Pictures are to be dropped. Everything else in the listing gets copied exactly.

*Data section:*
--------------------------------------------------

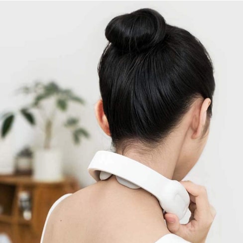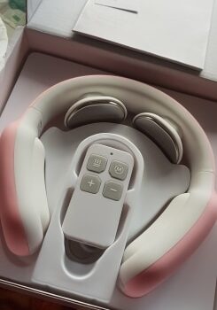 I am suffering from neck pain badly. I feel much better every time after I use the massager for 15 minutes. It’s wireless and has a separate remote. It’s very moveable and portable. The two connectors are full of elasticity. They are able to move down and extend out a little bit, so it fits my neck perfectly. It’s really really comfortable and soft. It can warm up right around my neck area. The warming sensation is really nice. It delivers pretty decent pulsations. The battery life is really amazing. I recharge it about every 3 weeks. It is doing really great. It would be better if the remote has a screen and can show the current level and mode.
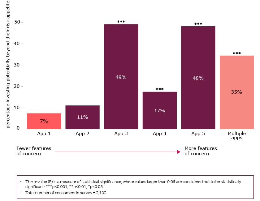 Trading apps using more features of concern were associated with consumers investing potentially beyond their risk appetite, problem gambling behaviours and frequent trading
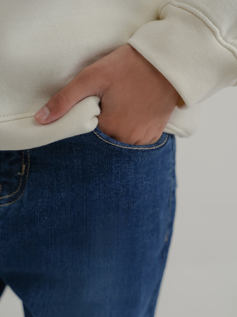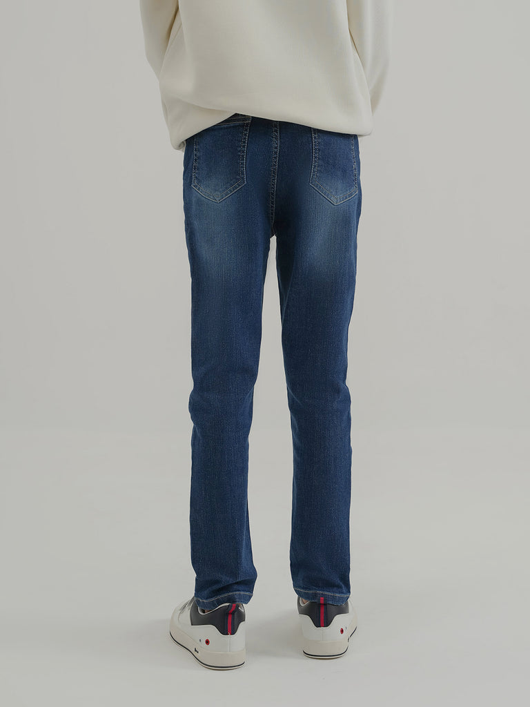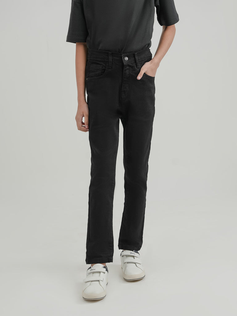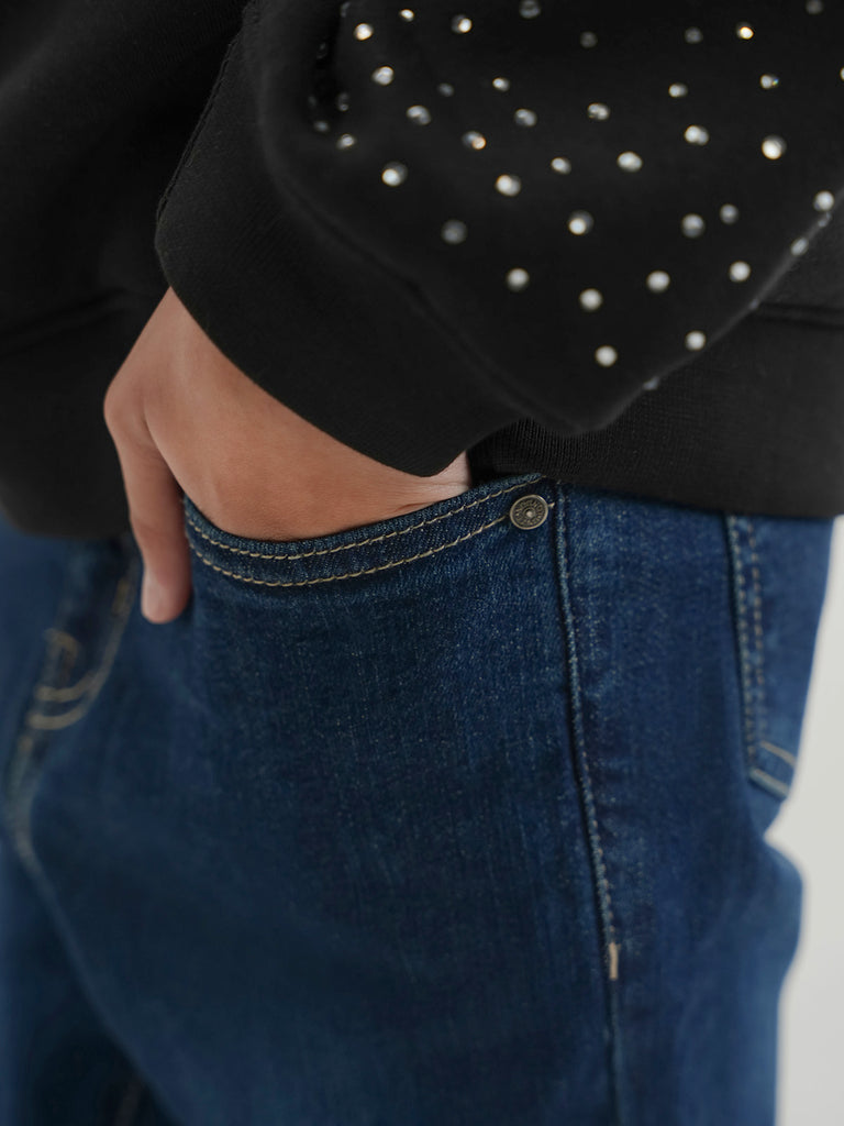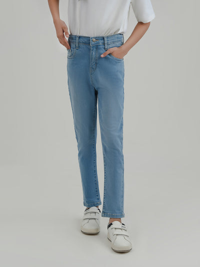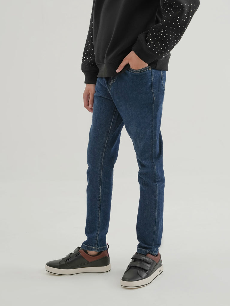 These girls' denim pants feature a slim fit for a smart and stylish look. Made with soft and durable fabric, they offer comfort and easy movement for everyday wear. Perfect for school, outings, or casual days, these pants are a great match with any top or t-shirt.
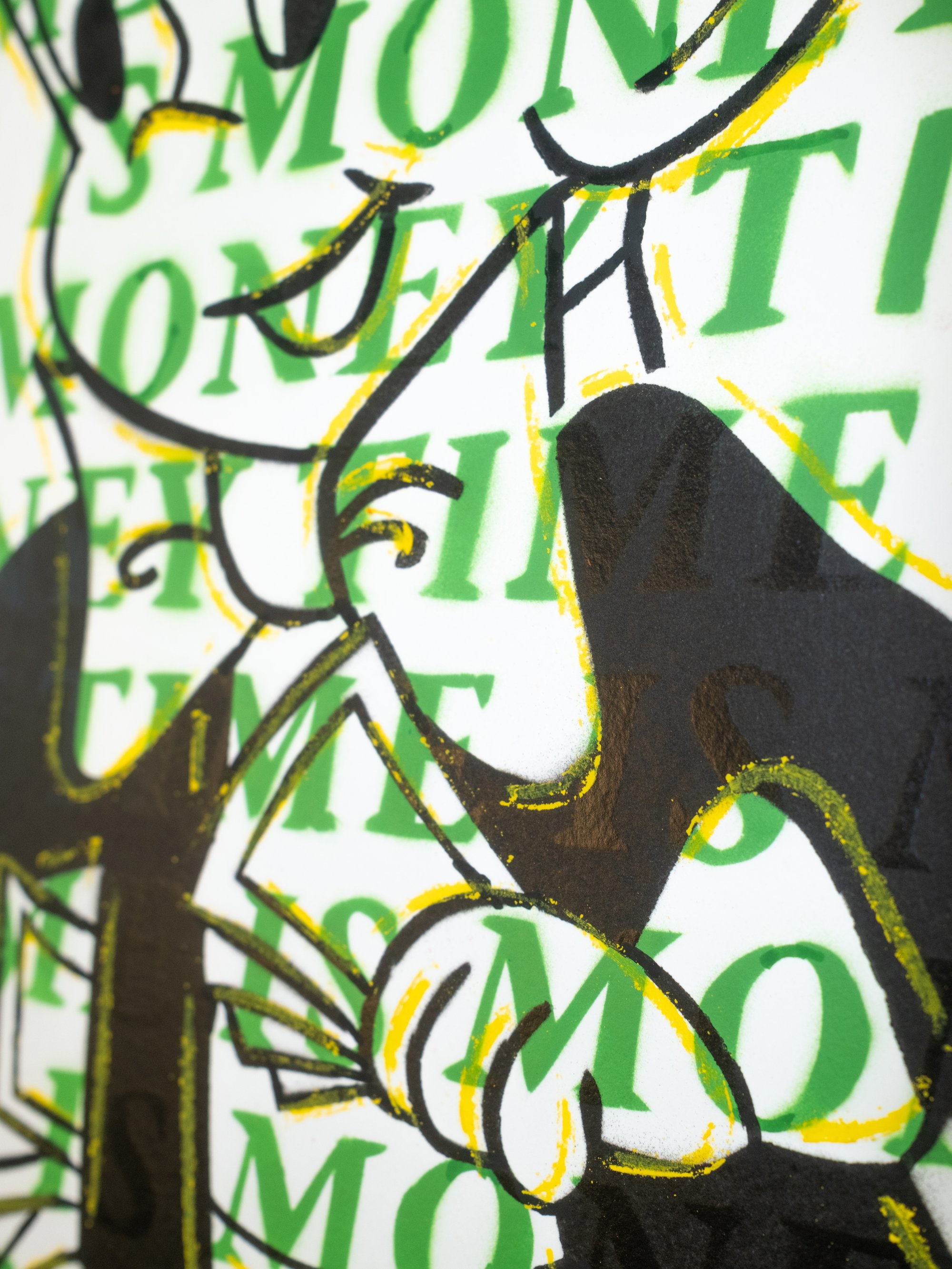 The process mirrors the concept; hand cut, slowly and deliberately, each cut builds focus and depth. Spray paint add energy and spontaneity, while yellow pastel finishing brings human texture. Overspray and subtle imperfections are all evident of the hand made nature of the work.

--------------------------------------------------

*Result for this task:*
 I am suffering from neck pain badly. I feel much better every time after I use the massager for 15 minutes. It’s wireless and has a separate remote. It’s very moveable and portable. The two connectors are full of elasticity. They are able to move down and extend out a little bit, so it fits my neck perfectly. It’s really really comfortable and soft. It can warm up right around my neck area. The warming sensation is really nice. It delivers pretty decent pulsations. The battery life is really amazing. I recharge it about every 3 weeks. It is doing really great. It would be better if the remote has a screen and can show the current level and mode.
 Trading apps using more features of concern were associated with consumers investing potentially beyond their risk appetite, problem gambling behaviours and frequent trading
 These girls' denim pants feature a slim fit for a smart and stylish look. Made with soft and durable fabric, they offer comfort and easy movement for everyday wear. Perfect for school, outings, or casual days, these pants are a great match with any top or t-shirt.
 The process mirrors the concept; hand cut, slowly and deliberately, each cut builds focus and depth. Spray paint add energy and spontaneity, while yellow pastel finishing brings human texture. Overspray and subtle imperfections are all evident of the hand made nature of the work.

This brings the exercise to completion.